Super Mario
Time Limit: 2000/1000 MS (Java/Others) Memory Limit: 32768/32768 K (Java/Others)
Total Submission(s): 771 Accepted Submission(s): 423
Problem Description
Mario is world-famous plumber. His “burly” figure and amazing jumping ability reminded in our memory. Now the poor princess is in trouble again and Mario needs to save his lover. We regard the road to the boss’s castle as a line (the length is n), on every integer point i there is a brick on height hi.
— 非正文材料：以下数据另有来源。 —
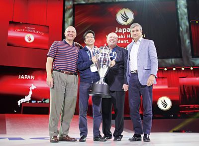 一昨年度はNo.1カントリーとして日本マイクロソフトが選ばれて、樋口泰行社長は米本社幹部の表彰を受けた(写真提供:日本マイクロソフト) ●大きな組織再編はなし 日本マイクロソフトが今年度期首に手を打った新たな施策は、大きく二つある。一つは、クラウド事業を推進するための新事業部門を社長の直轄に配置したこと。各部門を横断的にみて、クラウドをどう伸ばすかを考える組織で、昨年度までエンタープライズサービス事業を統括していた山賀裕二執行役常務を、この部門の責任者にしたことに樋口社長のクラウドに賭ける思いが現れている。そして、もう一つが「Surface」の販売責任を全営業担当者に課したことだ。クラウド(サービス)とデバイス事業を伸ばそうという意思がみてとれる。

Now the question is how many bricks in [L, R] Mario can hit if the maximal height he can jump is H.
Input
The first line follows an integer T, the number of test data.
For each test data:
The first line contains two integers n, m (1 <= n <=10^5, 1 <= m <= 10^5), n is the length of the road, m is the number of queries.
Next line contains n integers, the height of each brick, the range is [0, 1000000000].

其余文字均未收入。